Signs You May Be Overfeeding

Overfeeding is more common with bottle-fed babies because the milk flows easily regardless of how hard the baby sucks. The signs are fairly obvious once you know what to look for: frequent spitting up, gassiness, belly discomfort, loose stools, and more intense crying. An overfed baby swallows extra air along with the excess milk, which creates gas and compounds the fussiness.

If your baby regularly seems uncomfortable after feedings, try offering slightly less per bottle and feeding more frequently instead. You’ll deliver the same total volume over the day without overwhelming their small stomach in a single sitting.

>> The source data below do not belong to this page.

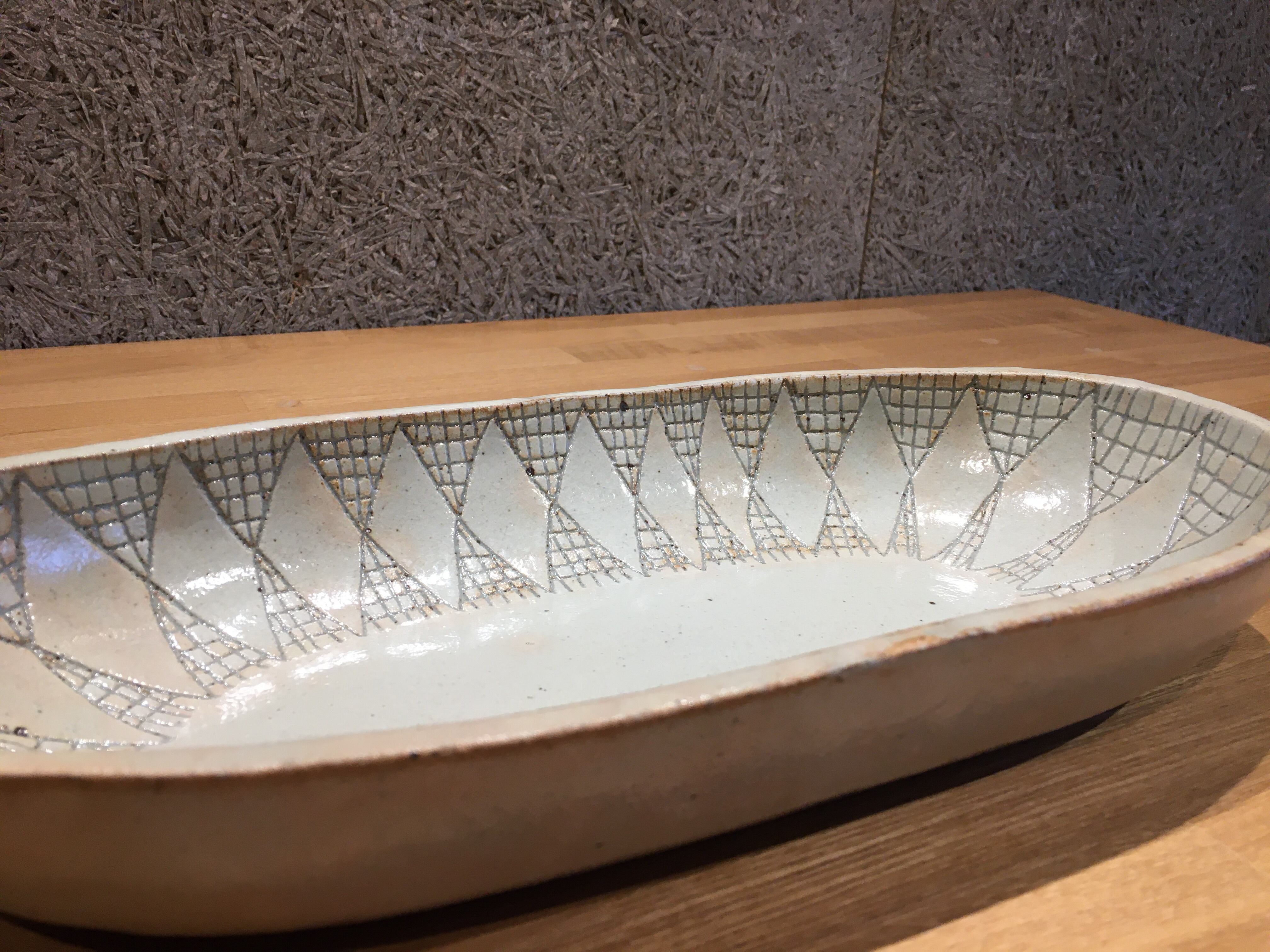 線刻が施された楕円鉢です。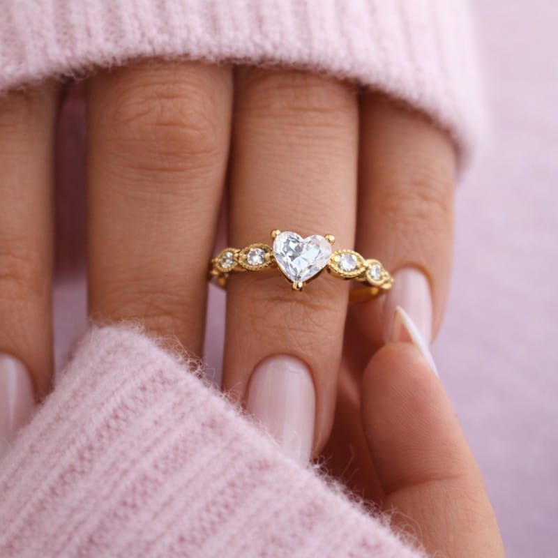Pierścionek stal chirurgiczna platerowana złotem, cyrkonia serce PST892, Rozmiar pierścionków: US9 EU20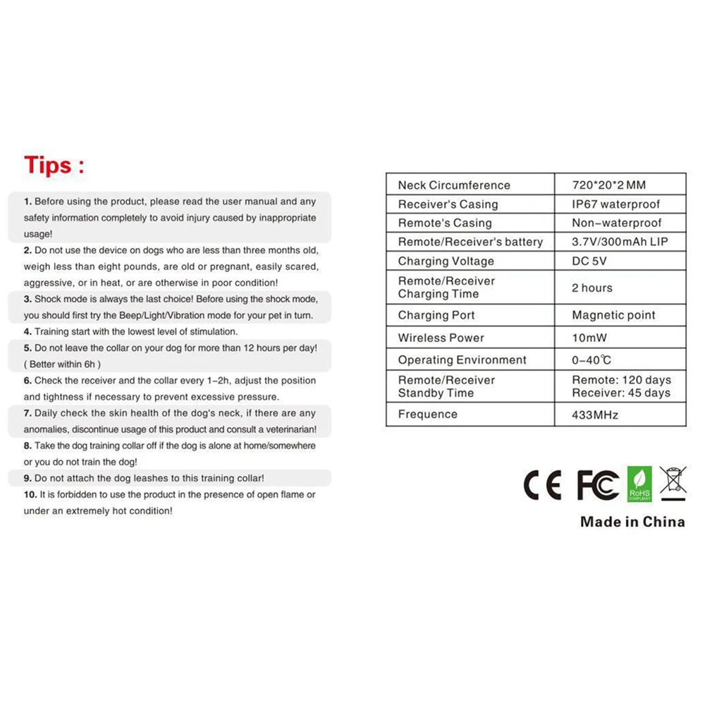 ¡PRECAUCIÓN! El ajuste adecuado del collar es importante. Un collar usado durante demasiado tiempo o demasiado apretado en el cuello de la mascota puede causar daños en la piel. Estos collares pueden causar necrosis por presión si se usan incorrectamente y a menudo se identifican erróneamente como quemaduras.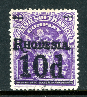 Rhodesia 1909 British KEVII 10p/3sp Deep Violet SG #117 VFU R915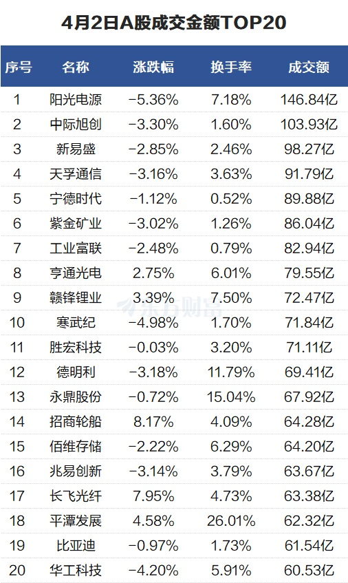 沪深两市成交额1.84万亿元,较上一交易日缩量1695亿元。个股方面,阳光电源当日成交146.84亿元。中际旭创当日成交103.93亿元。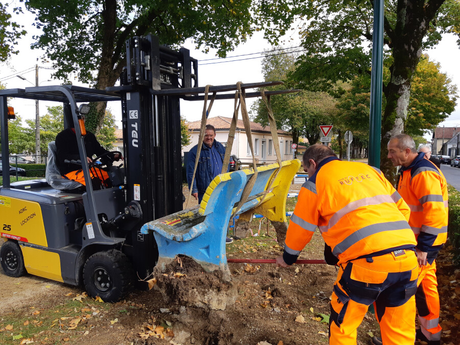 Les services techniques ont déposé les anciens bancs en pierre Place du Champ de Foire et Promenade André Foiselle, jusqu’au groupe scolaire Edmond-Meningaud, afin de les remplacer par du nouveau mobilier urbain.

Paced bottle feeding, where you hold the bottle more horizontally and let the baby control the flow, also helps prevent them from gulping down more than they need.

Night Feedings at 2 Months

At this age, your baby still needs to eat overnight. Breastfed infants typically feed three to five times per night, while formula-fed babies usually need two to four nighttime feedings. Most pediatric sources recommend not letting a 2-month-old go longer than four hours without eating, even at night.

Some babies will start stretching one sleep period to four or five hours around this age, which can feel like a breakthrough. But if your baby is still waking every two to three hours, that’s completely within the normal range. Night feedings naturally decrease as your baby’s stomach grows and they take in more during the day, but at two months, expect to be up at least a couple of times.

Breastfed vs. Formula-Fed Differences

The total daily intake is similar for breastfed and formula-fed babies, but the pattern looks different. Breastfed babies eat more frequently in smaller amounts because breast milk digests faster than formula. Eight to twelve nursing sessions a day is standard. Formula-fed babies tend to eat fewer, larger meals, typically five to six bottles.

If you’re breastfeeding and pumping, the per-bottle amount when offering expressed milk should be closer to 3 to 4 ounces rather than the 5 to 6 ounces typical of a formula bottle. Breast milk bottles are smaller because breastfed babies are accustomed to more frequent, smaller feeds, and the composition of breast milk changes in ways that make each ounce slightly more efficient.

For either feeding method, the most reliable sign that your baby is getting enough is steady weight gain and regular wet diapers, at least six per day. If your baby is gaining weight on their growth curve and producing plenty of wet diapers, the exact ounce count matters less than the overall trend.